In the year 1882 he was appointed professor for church law at the Gregoriana in Rome, where the faculty for Canon Law had just been established. Already soon Father Wernz became a recognized authority. He was appointed counsellor of various Vatican Congregations, and as competent co-worker in the preparation of the new Canon Law book.

He was just two years Rector of the Gregoriana (1904-1906) as the XXVth General Congregation appointed him on September 8th 1906 in the third ballot XXVth General of the Society of Jesus. At that time he was at an age of sixty four.

The XXVth General Congregation was confronted with an unusual problem. Wholly unexpectedly the Pope addressed the assembled Fathers by his Cardinal Undersecretary of State Rafael Merry del Val with a letter that contained three wishes of the Pope: Unconditional obedience toward the letter about the studies sent by Pope Leo XIII to Father General Martin in July 1892; furthermore the appointment of at least two censors for the control of certain publications; and the establishment of a study centre in Japan.
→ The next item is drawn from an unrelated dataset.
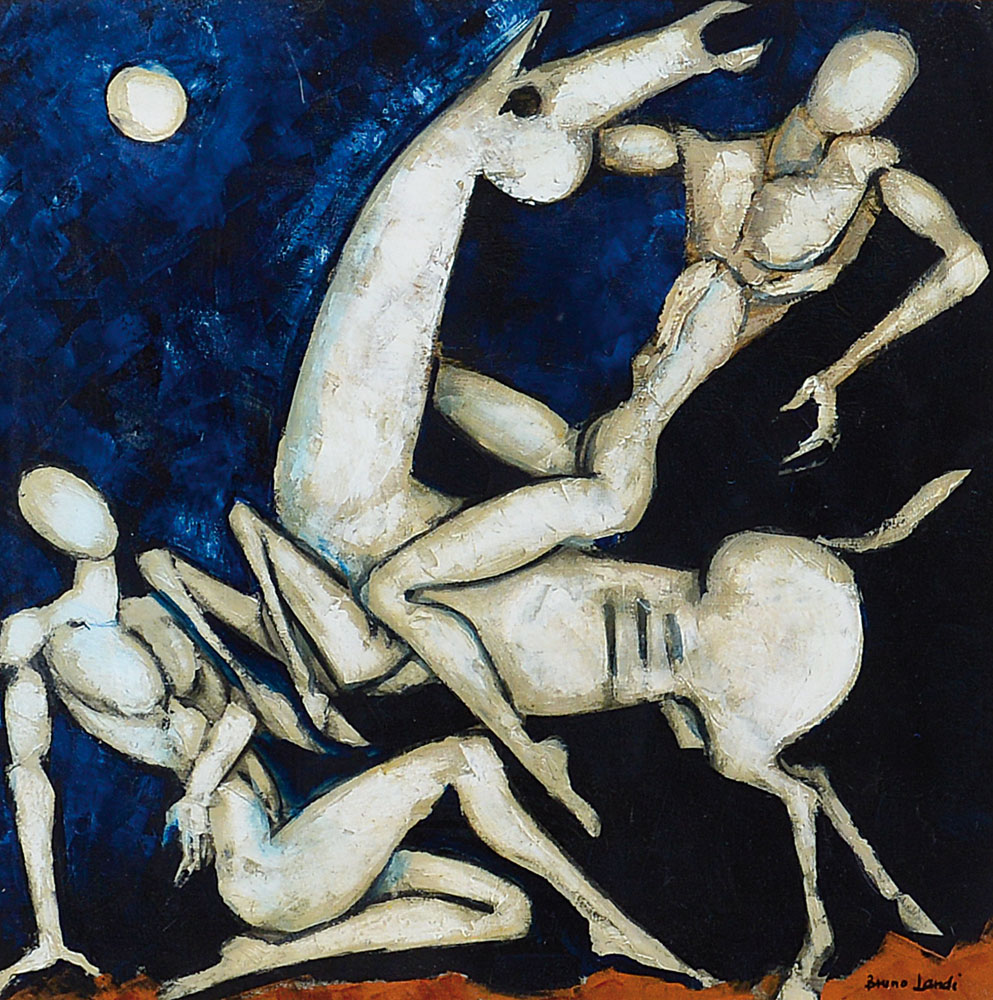 LANDI BRUNO Roma 23/03/1941Scontro notturnoolio su tela cm. 50x50, firma in...
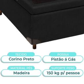 Cama Box Bau Solteirão Blindado Nature Preto 96x203 Base baú solteiro com 42cm de altura e amplo espaço interno para organização Revestimento em Veludo , fácil de limpar e com visual moderno

Father Wernz tried to do justice to those delicate requests. Many historians mean that he succeeded in that with perfect balance.
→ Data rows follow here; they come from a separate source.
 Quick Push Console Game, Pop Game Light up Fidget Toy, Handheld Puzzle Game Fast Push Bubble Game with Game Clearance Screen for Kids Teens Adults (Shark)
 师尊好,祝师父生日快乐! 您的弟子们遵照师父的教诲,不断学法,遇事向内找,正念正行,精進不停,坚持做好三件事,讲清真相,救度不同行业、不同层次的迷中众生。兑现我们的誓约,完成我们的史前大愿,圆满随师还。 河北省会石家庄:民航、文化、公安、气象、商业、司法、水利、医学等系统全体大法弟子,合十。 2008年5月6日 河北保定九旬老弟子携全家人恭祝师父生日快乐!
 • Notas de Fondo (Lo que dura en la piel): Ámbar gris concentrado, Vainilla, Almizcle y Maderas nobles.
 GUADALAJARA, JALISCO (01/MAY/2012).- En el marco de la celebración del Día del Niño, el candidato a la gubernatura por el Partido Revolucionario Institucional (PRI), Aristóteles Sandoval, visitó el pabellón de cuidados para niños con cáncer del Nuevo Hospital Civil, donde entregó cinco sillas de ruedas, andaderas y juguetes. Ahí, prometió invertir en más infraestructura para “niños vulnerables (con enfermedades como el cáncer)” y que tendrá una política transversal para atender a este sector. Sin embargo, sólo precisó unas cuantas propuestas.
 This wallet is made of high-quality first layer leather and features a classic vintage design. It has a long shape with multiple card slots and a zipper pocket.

The increase of vocations to the Society of Jesus induced Father Wernz to establish five new provinces: Canada, California, New Orleans, Mexico and Hungary. Father Wernz internally promoted the life of the Jesuit Communities, founded houses for Professed Jesuits, promoted the Sodalities of Our Lady and cared for the Sophia University in Tokyo.

The thorniest problem of his time as General was the suppression of Modernism. From there originated also the different views of him and Father Louis Billot, a French theologian from Lorraine, who had entered the Society of Jesus as priest, and lectured at the Gregoriana as professor of dogmatic from 1885 till 1911. He was counsellor and later member of the Holy Office. His appointment as cardinal in 1911 was regarded by Father Wernz as precarious. Later Billot was close to the Action Franšaise, and after its condemnation by Pope Pius XI he had to lay down his cardinalship in the year 1927. He died in 1931 in Galloro near Rome.

The last months of Father Wernz' life were clouded by the expulsion of the Jesuits from Portugal (1910), but still more by the fact that Pius X meant the General was too indulgent and rather liberal toward Modernism. In July 1914 Father Wernz sought to clarify his efforts in that matter by a letter to the Pope. There was no answer to that letter. Without doubt the Pope's distrust, shown to him in the last months of his life, was a source of unrest and concern.

Father Wernz died on August 19th 1914, a few hours before the death of Pope Pius X on August 20th.